In the unanimous Brown ruling, the Supreme Court found separate education facilities for white and black students “inherently unequal” and unconstitutional. The court did not, however, offer any remedies for such inequality. (In 1955, the high court ordered that states end segregation “with all deliberate speed,” but again gave no instruction on how to do so.)
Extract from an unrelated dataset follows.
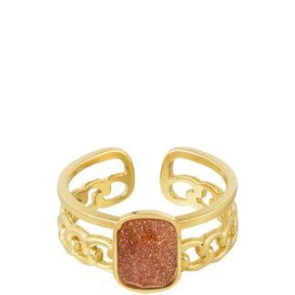 MonBijoux by Ophélia® Anel Twister com Pedra Natural Dourado e Castanho RST6888

In response to Brown, the Governor of Virginia vowed to “use every legal means at my command to continue segregated schools.” This was part of the white South’s policy of “massive resistance” to constitutional efforts to end Jim Crow. A referendum in 1956, passed by two-thirds of Virginia voters, aimed to continue educational segregation by using public monies to fund private school tuition. The referendum also mandated that no child could be required to attend an integrated school. A new governor in 1957 doubled-down on the defense of segregation, arguing that otherwise the Supreme Court would soon “make it lawful for a Negro to intermarry with a white person.” (It would take another decade before the Supreme Court outlawed Virginia’s miscegenation law.) That’s what the white supremacist argument for segregation boiled down to: integrated schools would lead to “race-mixing” and the creation of a “mulatto” nation.

Through all this, African-Americans in Norfolk challenged the substandard conditions of the city’s majority black public schools. The great problem here as elsewhere was that school districts were based on neighborhoods: residential racial segregation was reflected in educational racial segregation.
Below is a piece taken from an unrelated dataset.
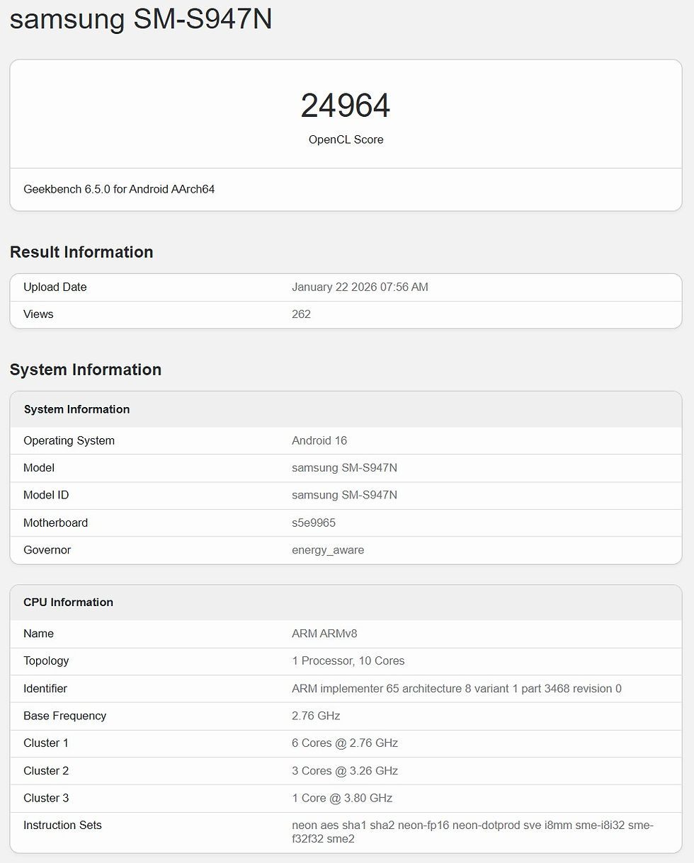 Samsung destacó una multitud de mejoras para el Xclipse 960 de Exynos 2600, donde la compañía declaró que el procesador gráfico ofrece hasta un 50 por ciento de rendimiento de trazado de rayos mejorado en comparación con el Xclipse 950 perteneciente al Exynos 2500. Si bien estas son ganancias impresionantes, tenemos algo aún más “jaw-droping” para mostrarte. El Galaxy S25+ con el número de modelo SM-S947N ha sido visto en Geekbench 6, con una designación única que indica que está destinado al mercado surcoreano.

In response to court orders, the Norfolk school board agreed to admit seventeen black students (the “Norfolk 17”) to the city’s white high schools in 1958. The governor responded by shutting down those six schools for five months. Ten thousand displaced white students went to neighboring school districts, were tutored, or enrolled in private schools. Private schools, religious schools, and other “segregation academies” were major venues for avoiding integration throughout the South.

Norfolk’s white high schools reopened in February 1959 with the Norfolk 17 attending. But integration continued at a snail’s pace. In 1966, “90 percent of black elementary students were in schools that were over 90 percent African American; the same percentages were found for whites in predominantly white schools.”

Between 1970-1972, in response to continued legal challenges, Norfolk came up with a desegregation plan. Some 24,200 white students and some 24,600 African American students would be shifted to different elementary schools by school bus. To some extent it worked. According to Doyle, in 1972, only one of Norfolk’s thirty-nine elementary schools was more than seventy percent African American.

However, such integration was still opposed by many whites. Busing, generally called “forced busing” by its detractors, was an easy target for resentment. Doyle argues that “busing was not the problem, white racism was.” White flight—to the suburbs or to segregation academies—became the new form of resistance to integration. The white population of Norfolk fell by 28% between 1960 and 1980. In 1980, African Americans were 35% of Norfolk’s total population, and 60% of the enrollment in the public schools.

In 1986, the federal courts accepted the argument that the end of busing in Norfolk would put a stop to white flight and that white students would return to the city’s public schools. Busing ended for elementary school students that year with a new system of “neighborhood schools.” As Leslie G. Carr and Donald J. Zeigler show, however, the courts assumptions were wrong. White students did not return to Norfolk’s public schools in meaningful numbers with the end of busing for elementary schools.

In 2001, when busing at the middle school level was also stopped in favor of neighborhood schools, the results were the same. Doyle writes that “increased segregation—less racial balance and diversity—among students was a direct result of neighborhood schools.” Some 44% of Norfolk’s population in 2002 was African American; the schools were about 70% African American.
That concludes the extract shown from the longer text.